A Theory On Collaborative Develpment Using Zope

** Note: This is a reprint. The old revision got lost in an inadvertent deletion. *** Zope is very different from other applications that might be used for the same purpose, such as JBoss, ACS or Vignette. Its major differentiator is that the persistent data that users of your application interact with does not need to be kept in a relational database or on the filesystem. Although Zope can make use of these storage systems, in many Zope applications, the data is kept in Zope's object database, the ZODB. This is both a boon and a curse.

It is a boon because thinking of your data in terms of objects is arguably easier than thinking of it in terms of columns and rows or files on a filesystem, particularly when the data is hierarchical. Additionally, if you keep your data in objects within the object database, you can make use of a lot of Zope built-in features such as the ZCatalog, which allows you to index and retrieve information quickly. Also, you can interact with your Zope objects through the Zope Management Interface (the ZMI) to quickly and interactively test different development scenarios.

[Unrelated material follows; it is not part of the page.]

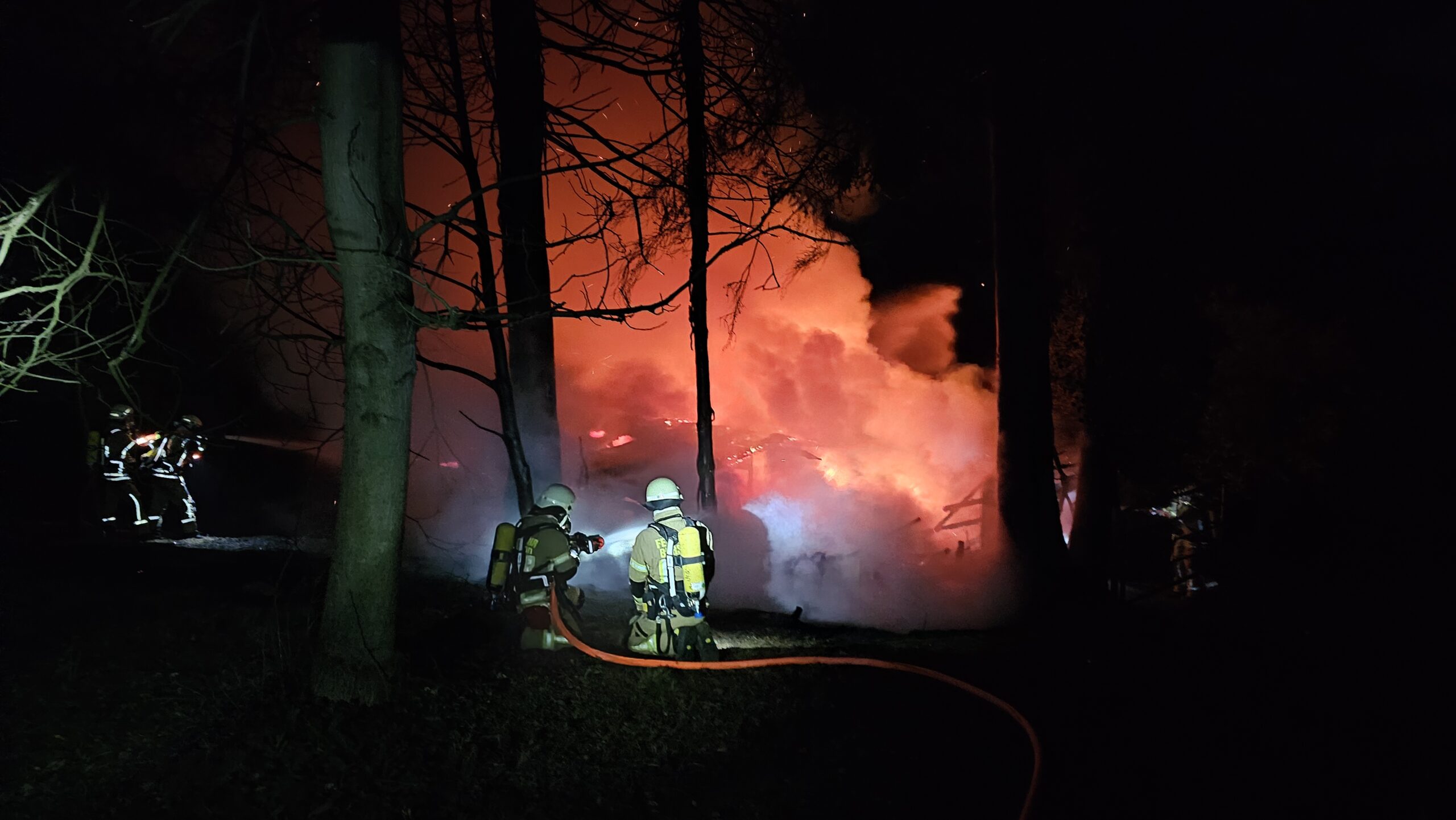 Zeitweise waren bis zu fünf C-Rohre gleichzeitig im Einsatz, um die Flammen unter Kontrolle zu bringen und eine weitere Ausbreitung des Brandes auf das Wohnhaus sowie die umliegende Vegetation zu verhindern.

It is a curse, too, however. The ZODB is written in a format that only the Python language can understand natively. This means that it is more difficult to interact with your data "files" by using your normal development tools such as text editors that only know about operating system file systems. There are interfaces that allow you to edit Zope objects in these tools, such as Zope's FTP and WebDAV integration, and the ExternalEditor product, but it's still not quite as easy to work with the data as it would be were it on your filesystem.

Zope is a multiuser system. In a lot of ways, it is the web equivalent of an operating system. If you were willing to throw away your existing development tools and OS and embrace Zope as your new operating system, it might be an interesting test. But the lack of tools for Zope as an OS in comparison to the tools that exist for other operating systems, such as Windows or UNIX, is dramatic. CVS is one of these tools. Zope has no equivalent system of sufficent maturity to replace CVS or any of the other mature version control systems available for standard operating systems. There are many other examples of the paucity of mature and available development tools within the Zope-as-OS environment. Thus, it's in your best short-term interest to interface with normal OS tools to whatever degree possible when writing code for Zope, allowing Zope to do what it's good at, and allowing your existing tools to do what they're good at.

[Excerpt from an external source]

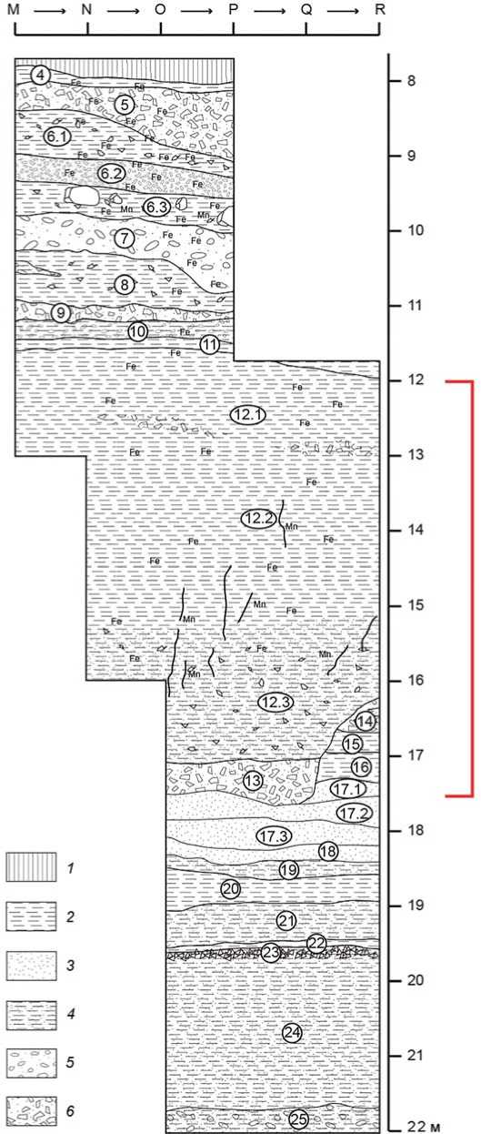 Вторая пачка – слои 21–18. Она представляет собой чередующиеся пролювиально-селевые осадки с тонкими прослоями озерных суглинков серого и сизого цвета. Эти отложения формировались во время похолодания МИС 6.

The key to making this somewhat confusing situation less of a problem is to encourage a development practice which does the following:

 - Allows developers to interface their existing toolchain with
   Zope.

 - Devalues the data that goes into any given ZODB storage.

The first point is fairly obvious. When you write Zope product code, you write it via normal tools on a normal operating system via a normal text editor. While doing so, you write Python classes which Zope understands, and when you put the product code into a place where Zope can find it, users of your Zope application may interact with instances of these classes. They create instances, they destroy instances, the modify instances, and so forth. These instances are stored in Zope's object database. However, the classes from which these instances are created are stored on your filesystem and may be managed and edited with normal operating system tools.

But, ideally, the actual instance data that gets stored in the ZODB doesn't have any real enduring value until your application goes into production. During development, that data is typically limited to instances of data objects like documents, and some instances of "tools", which are required for your application to work properly. If you buy this argument, during development, it should be possible to completely erase your Zope database and start over again from some known-working point, requiring only the Python code that exists on the filesystem to do so. This is the key to successfully doing collaborative development of a Zope application. If you follow this advice, you will be able to use your normal filesystem tools to mange all of your code, making it much easier to do thing like version control and deployment.

The only real value in your application during development should exist in the Python filesystem code which makes up your Zope product. The data that exists in any given ZODB instance should be disposable. This allows your developers to work with their own copy of a ZODB database. As they perform work, they modify their own ZODB copy, but no other developer sees (or needs to see) the changes they make to that ZODB copy, as long as the developer provides a mechanism for recreating "his" ZODB instance data in a repeatable way that can be used by other developers.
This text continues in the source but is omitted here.